I don’t know if you’ve noticed but the world’s economy is built on slavery, greed and compulsive consumerism. All because of us – the shoppers – and the retail giants who are getting richer at the expense of our debt. Now we hardly seem to save for a rainy day and we couldn’t even if we felt the need. You see Britain’s largest employer is the retail and service sector and the employees rely on the shoppers to go out and buy the goods to make the living and as we have an insatiable taste for the goods we happily oblige. And as we have so many shopping centres and retail parks in this country we are expected to get into debt to make the country rich and strong. Now that is like using the working classes to prop up the rich in the days of the industrial revolution. But because we are so tempted we don’t question our spending. This is because not only are the retailers the biggest sector in the economy, but other services are also the lifeblood of Britain. Law firms, financial services, banks, etc. All of them providing a solution to debt as you carry on spending and need it to be indebted to allow your country’s economy to survive.
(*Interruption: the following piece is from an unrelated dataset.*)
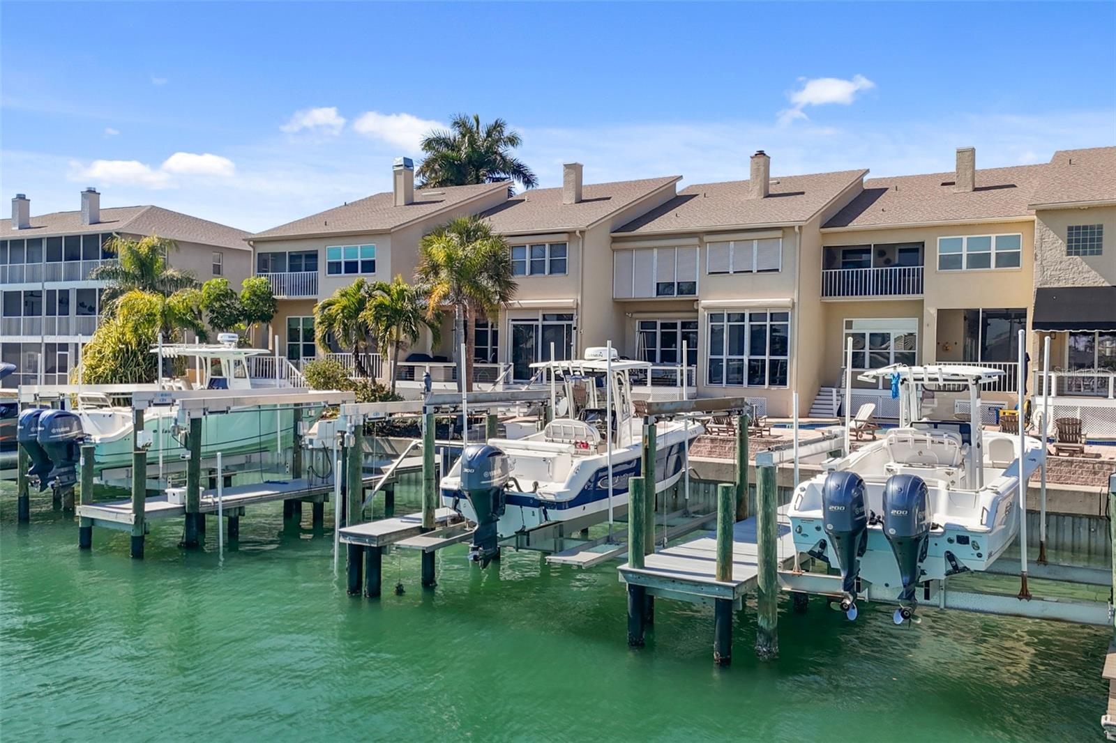 Unit 106 /6: Live the ultimate Tierra Verde boating lifestyle with spacious waterfront living, a 16, 000-lb boat lift. The slip is 40ft long. You have fast, protected access to the open waters of Tampa Bay and the Gulf. If you’ve been waiting for a home that offers room to spread out plus a flexible in-law suite or private office/studio, this is it. This beautifully updated 3, 300 sq ft waterfront townhome lives like a single-family home, tucked within a small, exclusive community on the pristine island of Tierra Verde. Featuring 4 bedrooms, 4 full bathrooms, and 1 half bath, it provides generous space for everyone. Pass through the lush, fenced courtyard and double doors into a grand foyer that introduces one of the home’s most striking features — a temperature-controlled walk-in wine cellar for up to 500 bottles. The chef’s kitchen impresses with wood cabinetry, central island, stainless steel upscale appliances, three ovens, new refrigerator, beverage fridge, ice maker, and a dedicated coffee counter. A side bar enhances the space for entertaining, all framed by serene saltwater canal views. The kitchen opens to the breakfast bar and the expansive living/dining areas, perfect for gatherings. The contemporary fireplace wall leads to the waterfront patio — ideal for grilling, lounging, and watching dolphins and manatees swim by. The community’s waterside pool is only steps away. Upstairs, the primary suite is a true sanctuary with high ceilings, private balcony, and breathtaking views. The spa-inspired en-suite features a freestanding tub, dual vanities, walk-in shower, and a spacious closet. Two additional guest suites are thoughtfully positioned across the hall. A same-floor laundry and bonus flex area just few steps away (office, gym, or extra storage) add convenience. Below, the street-level 2-car garage sits beneath a large mother-in-law suite with kitchenette, living area, walk-in closet, and full bath — perfect for guests, extended family, or a private workspace. For peace of mind, hurricane shutters protect the waterside windows, and no flood damage occurred during the 2024 storms. Major updates include a new composite deck (2022) — the largest in the community — newer roof (2021), dock (2019), new motors/gears/cables (2021), updated HVACs (2018/2019), new water heater (2024), upgraded tankless water heater and subpanel, and a 2023 wine cellar installation. Located in a pet-friendly waterfront community that allows two pets, with a pool, walking/biking trail, and quick access to downtown St. Petersburg, Fort De Soto, and Pass-a-Grille Beach, this home offers the perfect blend of privacy, convenience, and pure island living.

Now compare this to the developing nations of the Far East which by now have developed or are close to final development. They haven’t got a welfare system and their largest economy is manufacturing and engineering. Instead of inventing ways to spend money and get into debt, they invent to build a better country with new business ideas and ways of employing people. Their banks are just as liberal as ours but they also have government intervention on development. Whereas we use our welfare system mostly as a social insurance system, the government gives money to the people to make jobs and businesses for themselves. It’s a wholly remarkable way of development that has made a very rich and prosperous nation. Their people save at least 60% of their salaries compared to 6% here in Britain. They have shopping centres just like us but most of it is in the form of markets where the customers go there mostly browsing rather than shopping. They are also a lot less crowded than our retail parks where the customers are more likely to go dining in the restaurants trying good food instead of pricey iPads and flat screen TVs.

Well as far as my own personal survival goes I will not be spending vast amounts to make the richer classes rich, I will make a purchase for a product that will be useful to my daily routine. Save to survive and only spend when you need something most.